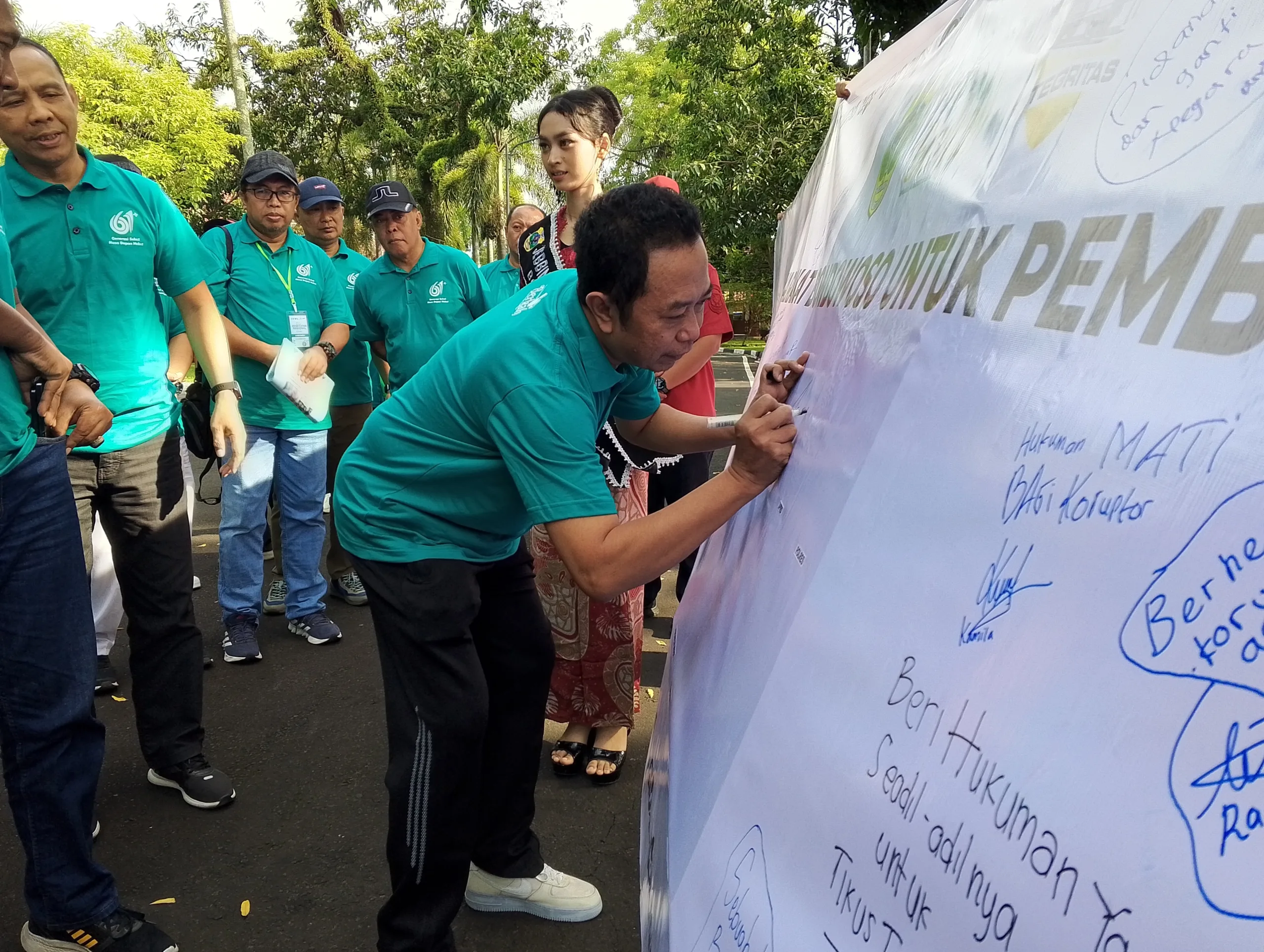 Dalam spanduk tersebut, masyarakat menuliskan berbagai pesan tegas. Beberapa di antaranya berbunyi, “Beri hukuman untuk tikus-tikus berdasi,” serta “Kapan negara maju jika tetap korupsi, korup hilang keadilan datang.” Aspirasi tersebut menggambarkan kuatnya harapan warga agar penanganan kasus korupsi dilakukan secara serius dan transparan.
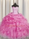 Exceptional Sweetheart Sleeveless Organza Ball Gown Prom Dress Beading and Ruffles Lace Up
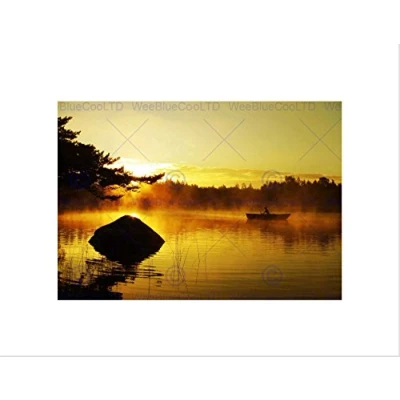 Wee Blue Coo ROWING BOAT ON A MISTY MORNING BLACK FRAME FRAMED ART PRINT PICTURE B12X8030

▶ _ABOUT THIS EXERCISE_
What you output must be exactly the lines from the line with "Exceptional Sweetheart Sleeveless" through the last line of the listing, pictures excluded.

▶ _RESULT_
 Exceptional Sweetheart Sleeveless Organza Ball Gown Prom Dress Beading and Ruffles Lace Up
 Wee Blue Coo ROWING BOAT ON A MISTY MORNING BLACK FRAME FRAMED ART PRINT PICTURE B12X8030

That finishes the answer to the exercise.